Dual Trigger Modulates Distinctive and Selective Pathways within Cumulus Cells Compared to HCG alone among Normal Responders – a Whole Transcriptome Investigation

Introduction: Dual trigger (DT), combining GnRH agonist (GnRHa) and hCG, has been reported as a promising regimen to improve clinical outcome compared to single trigger (ST) of hCG alone among normal responder patients during IVF. While FSH surge induction by GnRHa is a well-recognized, the specific molecular mechanism for these optimistic observations is not clear.

Aim: To investigate cumulus cells (CC) transcriptome after exposure to either DT or ST by next generation sequencing (NGS) in normal responder patients.

Materials & Methods: This prospective study included patients with a normal ovarian reserve undergoing IVF-ICSI and receiving either a ST (5000 units of hCG, N=4) or DT (5000 hCG + 0.2ml GnRHa, N=5). For each patient, CC of three expanded MII oocytes were trimmed, lysed, and RNA was extracted. Differential mRNA expression was evaluated by NGS. Biologically significant genes were determined by clinical relevance and participation in a defined pathway.

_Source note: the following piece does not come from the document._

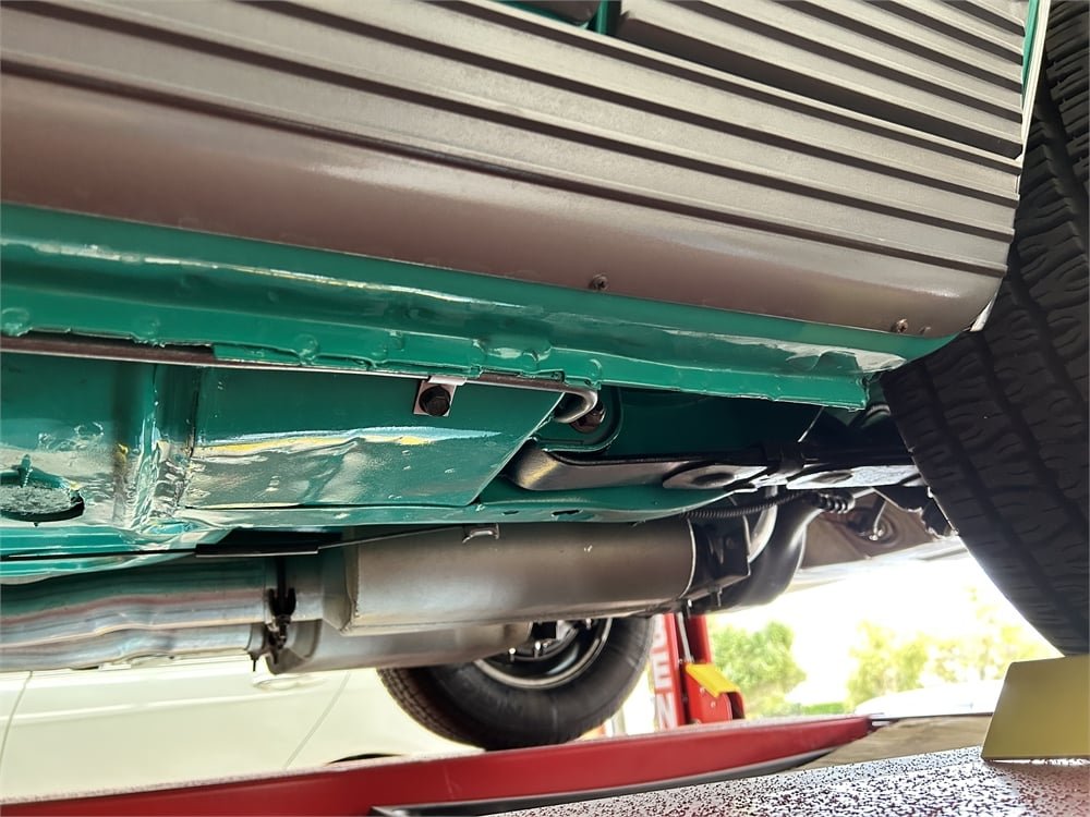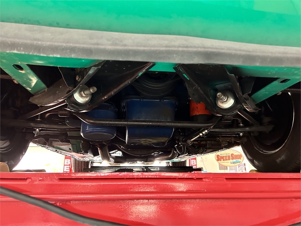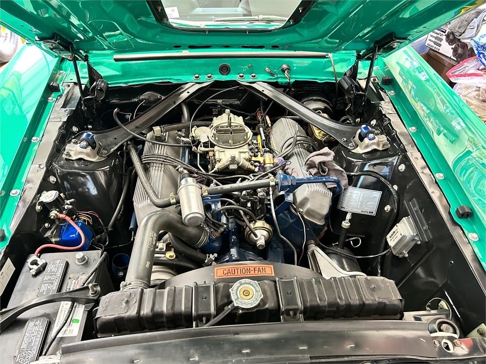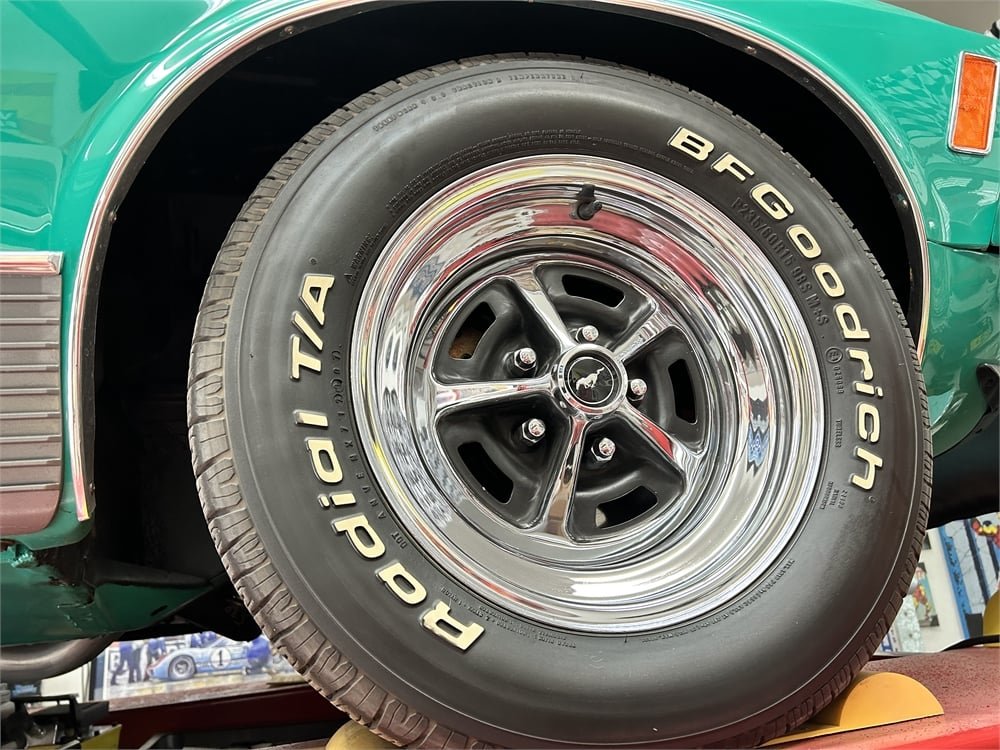 The “R-code” 428 Cobra Jet comes with a Shaker air induction system. While Marti Report documentation shows this Mach 1 was originally manufactured with a C6 three-speed automatic transmission, power is now sent to the rear wheels via a console-shifted Toploader close-ratio four-speed manual and 3.50:1 Traction-Lok limited-slip differential.
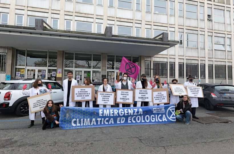 L’iniziativa di oggi si inserisce all’interno di una giornata di mobilitazione internazionale, in cui centinaia di scienziati in tutto il mondo hanno scelto di entrare in azione con diverse forme di disobbedienza civile. Questa mattina, infatti, altre azioni si sono registrate alla Raffineria ENI di Porto Marghera, all’Università La Sapienza di Roma e in tante altre parti del mondo. Scientists Rebellion è una community di scienziati nata dentro Extinction Rebellion, con lo scopo di sottolineare come sia ormai necessario e non più procrastinabile ascoltare la scienza e come sia un dovere degli scienziati prendere posizione. Come si legge sul sito di Scientists Rebellion, infatti: “Se nemmeno noi scienziati abbiamo un comportamento coerente con questa situazione di emergenza, come possiamo pretendere che lo faccia la gente?” [3]. Pochi mesi fa, a Glasgow, il gruppo ha fatto parlare di sé organizzando diverse azioni in occasione della COP26, le quali si sono concluse con l’arresto di 21 scienziati e hanno spinto la prestigiosa rivista scientifica Nature a prendere posizione in un raro editoriale [4]. A Torino, il 17 febbraio, tre dottorandi erano già entrati in azione presso gli uffici dell’Assessorato all’Ambiente in Via Principe Amedeo [5].

Results: Both groups had similar average AMH, AFC, gonadotropins consumption, and E2 on trigger day. 237 genes were differentially expressed in DT compared to ST (fold change 2 and false discovery rate < 0.05). Pathway analysis revealed pathways enriched for genes involved in cell division accompanied by suppression of immune response and related processes (ex. apoptotic signaling and cytokine production) in the DT cohort (Figure 1).

Conclusions: The addition of GnRHa significantly alters intra cellular processes within CC. This comprehensive transcriptome investigation aids in elucidating the molecular explanations for the clinical superiority observed by DT among normal responder patients.